**Dataset extract:**
━━━━━━━━━━
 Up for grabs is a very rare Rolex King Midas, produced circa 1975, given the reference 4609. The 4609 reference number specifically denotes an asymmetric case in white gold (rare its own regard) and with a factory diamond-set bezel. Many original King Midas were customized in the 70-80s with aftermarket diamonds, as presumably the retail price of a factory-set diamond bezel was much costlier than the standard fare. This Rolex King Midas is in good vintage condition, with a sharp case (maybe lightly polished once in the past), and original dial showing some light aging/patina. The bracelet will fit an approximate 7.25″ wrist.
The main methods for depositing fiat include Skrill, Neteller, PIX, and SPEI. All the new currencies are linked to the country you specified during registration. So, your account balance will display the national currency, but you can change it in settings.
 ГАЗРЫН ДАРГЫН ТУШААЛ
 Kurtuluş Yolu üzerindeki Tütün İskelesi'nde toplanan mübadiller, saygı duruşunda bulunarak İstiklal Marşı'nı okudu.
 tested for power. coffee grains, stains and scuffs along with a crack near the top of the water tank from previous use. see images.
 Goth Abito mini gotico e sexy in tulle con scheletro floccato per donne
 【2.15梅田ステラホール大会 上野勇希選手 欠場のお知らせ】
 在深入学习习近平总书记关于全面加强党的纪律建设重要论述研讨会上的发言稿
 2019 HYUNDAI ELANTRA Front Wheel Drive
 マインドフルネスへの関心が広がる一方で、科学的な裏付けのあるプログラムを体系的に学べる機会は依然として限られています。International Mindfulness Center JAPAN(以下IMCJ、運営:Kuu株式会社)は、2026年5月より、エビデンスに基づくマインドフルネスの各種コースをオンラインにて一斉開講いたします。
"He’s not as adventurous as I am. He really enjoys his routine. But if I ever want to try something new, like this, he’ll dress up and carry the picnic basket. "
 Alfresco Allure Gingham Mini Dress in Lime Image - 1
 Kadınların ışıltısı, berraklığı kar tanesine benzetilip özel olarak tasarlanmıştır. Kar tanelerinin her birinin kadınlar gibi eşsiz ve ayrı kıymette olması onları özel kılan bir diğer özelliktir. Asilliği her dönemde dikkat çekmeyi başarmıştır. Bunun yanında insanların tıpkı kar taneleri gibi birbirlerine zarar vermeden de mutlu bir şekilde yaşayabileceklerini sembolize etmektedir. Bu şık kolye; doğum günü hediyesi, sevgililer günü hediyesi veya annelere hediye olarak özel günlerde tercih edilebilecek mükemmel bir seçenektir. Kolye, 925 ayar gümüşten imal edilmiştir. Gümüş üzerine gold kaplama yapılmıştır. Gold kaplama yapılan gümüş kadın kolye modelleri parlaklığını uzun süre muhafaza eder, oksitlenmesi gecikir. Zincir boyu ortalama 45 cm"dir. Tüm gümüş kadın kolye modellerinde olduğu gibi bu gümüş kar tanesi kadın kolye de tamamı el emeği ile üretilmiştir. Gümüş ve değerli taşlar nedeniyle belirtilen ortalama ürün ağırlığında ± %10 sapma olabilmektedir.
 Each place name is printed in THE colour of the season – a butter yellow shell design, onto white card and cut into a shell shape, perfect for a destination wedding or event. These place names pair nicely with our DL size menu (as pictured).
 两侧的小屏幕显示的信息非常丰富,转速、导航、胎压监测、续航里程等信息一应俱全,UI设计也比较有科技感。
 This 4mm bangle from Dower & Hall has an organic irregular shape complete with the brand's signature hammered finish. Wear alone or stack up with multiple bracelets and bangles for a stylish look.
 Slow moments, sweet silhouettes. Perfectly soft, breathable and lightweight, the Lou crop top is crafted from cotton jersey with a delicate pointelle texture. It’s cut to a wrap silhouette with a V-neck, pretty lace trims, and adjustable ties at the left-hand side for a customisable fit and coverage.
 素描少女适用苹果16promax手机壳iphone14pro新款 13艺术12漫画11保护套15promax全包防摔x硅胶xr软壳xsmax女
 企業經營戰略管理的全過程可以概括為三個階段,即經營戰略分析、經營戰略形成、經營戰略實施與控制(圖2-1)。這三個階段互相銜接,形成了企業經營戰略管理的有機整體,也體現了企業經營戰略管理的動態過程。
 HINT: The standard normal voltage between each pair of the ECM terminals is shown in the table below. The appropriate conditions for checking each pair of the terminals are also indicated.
━━━━━━━━━━
**Prompt:**
What lines in the material above hold the string "pair"? List them.

**Solution for this task:**
 Each place name is printed in THE colour of the season – a butter yellow shell design, onto white card and cut into a shell shape, perfect for a destination wedding or event. These place names pair nicely with our DL size menu (as pictured).
 HINT: The standard normal voltage between each pair of the ECM terminals is shown in the table below. The appropriate conditions for checking each pair of the terminals are also indicated.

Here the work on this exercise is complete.